[[ Supplied material open ]]
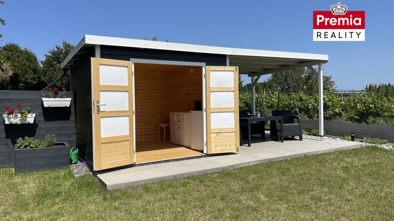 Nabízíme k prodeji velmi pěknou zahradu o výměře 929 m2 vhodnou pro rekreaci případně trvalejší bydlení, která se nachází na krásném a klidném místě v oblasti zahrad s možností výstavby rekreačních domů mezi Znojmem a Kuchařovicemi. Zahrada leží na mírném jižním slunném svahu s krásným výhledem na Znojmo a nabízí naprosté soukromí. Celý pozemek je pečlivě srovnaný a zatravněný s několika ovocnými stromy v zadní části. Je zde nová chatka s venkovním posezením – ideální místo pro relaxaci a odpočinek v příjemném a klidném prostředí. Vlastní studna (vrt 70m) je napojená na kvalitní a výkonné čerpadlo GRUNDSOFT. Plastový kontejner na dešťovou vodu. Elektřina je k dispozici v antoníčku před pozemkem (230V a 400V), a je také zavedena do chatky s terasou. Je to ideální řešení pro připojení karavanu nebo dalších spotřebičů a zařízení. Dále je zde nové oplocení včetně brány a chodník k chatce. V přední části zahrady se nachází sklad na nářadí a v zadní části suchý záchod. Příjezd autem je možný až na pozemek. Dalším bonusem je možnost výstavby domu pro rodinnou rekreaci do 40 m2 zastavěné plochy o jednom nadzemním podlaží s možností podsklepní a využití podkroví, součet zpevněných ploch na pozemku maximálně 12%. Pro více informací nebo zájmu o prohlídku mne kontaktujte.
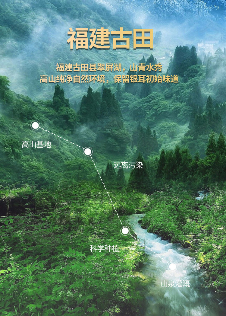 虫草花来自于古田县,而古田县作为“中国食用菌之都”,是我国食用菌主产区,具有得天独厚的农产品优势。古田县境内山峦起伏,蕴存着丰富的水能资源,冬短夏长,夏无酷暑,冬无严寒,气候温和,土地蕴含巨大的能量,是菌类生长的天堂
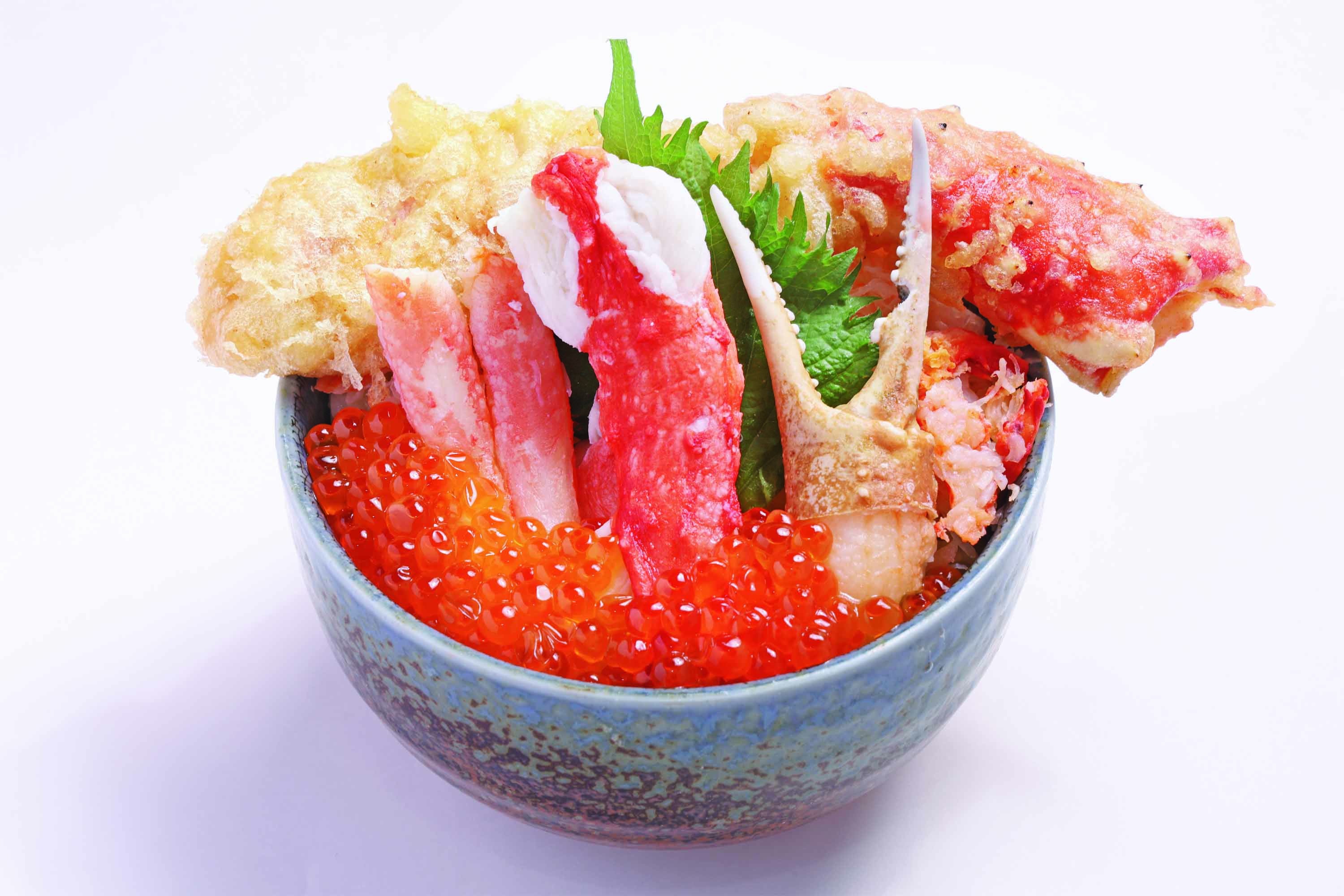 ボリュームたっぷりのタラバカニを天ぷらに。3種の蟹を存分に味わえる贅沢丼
[[ Supplied material closed ]]
Work item: Pictures aside, return all of the material exactly as written.

Answer for the task:
 Nabízíme k prodeji velmi pěknou zahradu o výměře 929 m2 vhodnou pro rekreaci případně trvalejší bydlení, která se nachází na krásném a klidném místě v oblasti zahrad s možností výstavby rekreačních domů mezi Znojmem a Kuchařovicemi. Zahrada leží na mírném jižním slunném svahu s krásným výhledem na Znojmo a nabízí naprosté soukromí. Celý pozemek je pečlivě srovnaný a zatravněný s několika ovocnými stromy v zadní části. Je zde nová chatka s venkovním posezením – ideální místo pro relaxaci a odpočinek v příjemném a klidném prostředí. Vlastní studna (vrt 70m) je napojená na kvalitní a výkonné čerpadlo GRUNDSOFT. Plastový kontejner na dešťovou vodu. Elektřina je k dispozici v antoníčku před pozemkem (230V a 400V), a je také zavedena do chatky s terasou. Je to ideální řešení pro připojení karavanu nebo dalších spotřebičů a zařízení. Dále je zde nové oplocení včetně brány a chodník k chatce. V přední části zahrady se nachází sklad na nářadí a v zadní části suchý záchod. Příjezd autem je možný až na pozemek. Dalším bonusem je možnost výstavby domu pro rodinnou rekreaci do 40 m2 zastavěné plochy o jednom nadzemním podlaží s možností podsklepní a využití podkroví, součet zpevněných ploch na pozemku maximálně 12%. Pro více informací nebo zájmu o prohlídku mne kontaktujte.
 虫草花来自于古田县,而古田县作为“中国食用菌之都”,是我国食用菌主产区,具有得天独厚的农产品优势。古田县境内山峦起伏,蕴存着丰富的水能资源,冬短夏长,夏无酷暑,冬无严寒,气候温和,土地蕴含巨大的能量,是菌类生长的天堂
 ボリュームたっぷりのタラバカニを天ぷらに。3種の蟹を存分に味わえる贅沢丼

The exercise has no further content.